Getting To Know the DIfferent Types of Horse Jumps

Show jumping courses can have a wide variety of jumps available. Knowing your difficulty level, and which types of jumps are most popular at each level, will help you train for your next show jumping event. Jump obstacles can be elaborately decorated or simple, but most courses are designed to resemble natural elements. Here are some of the different horse jump obstacles you may encounter when you begin to learn this sport.


A vertical jump is one you will probably recognize. It consists of poles placed vertically on top of each other. They look like a simple obstacle, but they can be tricky for any rider to determine how to navigate. Roll top horse jumps use decorative elements near the base and may have wings on each side to help the horse stay centered.


There are two types of water jumps, the liverpool and the open water jump. An open water jump challenges the horse and rider to jump over a wide rectangle pool of water. Instead of jumping for height, the open water jump pushes the horse to jump for width. A liverpool jump also consists of a pool of water, but there will also be a fence involved. The horse will have to clear the water and the rails, which makes this obstacle the one that the horse needs height for.

Triple Bar

Using three jump standards and multiple bar heights, the triple bar, sometimes called the spread jump, is another obstacle that challenges how wide a horse can jump. The first bar is typically the lowest, but one variation, called the hogsback, places the middle bar at the highest height.

Cross Rail

Cross rails are exactly what they sound like, a jump consisting of two poles crossed over each other. This is the first type of jump a rider will learn and is usually seen in training rings and low level horse shows. The lower middle area encourages the horse to jump more readily, which makes it excellent for beginners.

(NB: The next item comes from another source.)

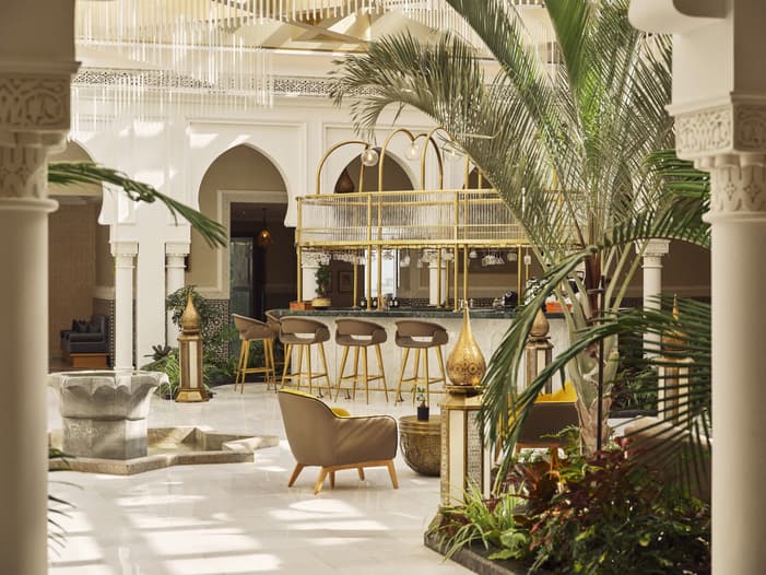 Baigné de lumière et situé au beau milieu d’un écrin de verdure avec une magnifique fontaine, cet oasis enchanteur accueille les hôtes dans le hall de notre hôtel. Laissez-vous tenter par des rafraîchissements, des pâtisseries marocaines ou encore par un « afternoon tea » à l’anglaise.

Walls look solid and present a mental challenge more than a physical challenge. Although the actual makeup is lightweight and will fall over easily if touched, it looks like brick or stone, which can be intimidating to some horses.

With so many jumps to practice, you may be excited to head out to the ring. Make sure you know your skill level and confidence with each type of obstacle and have a trainer who will encourage you while pushing you to succeed.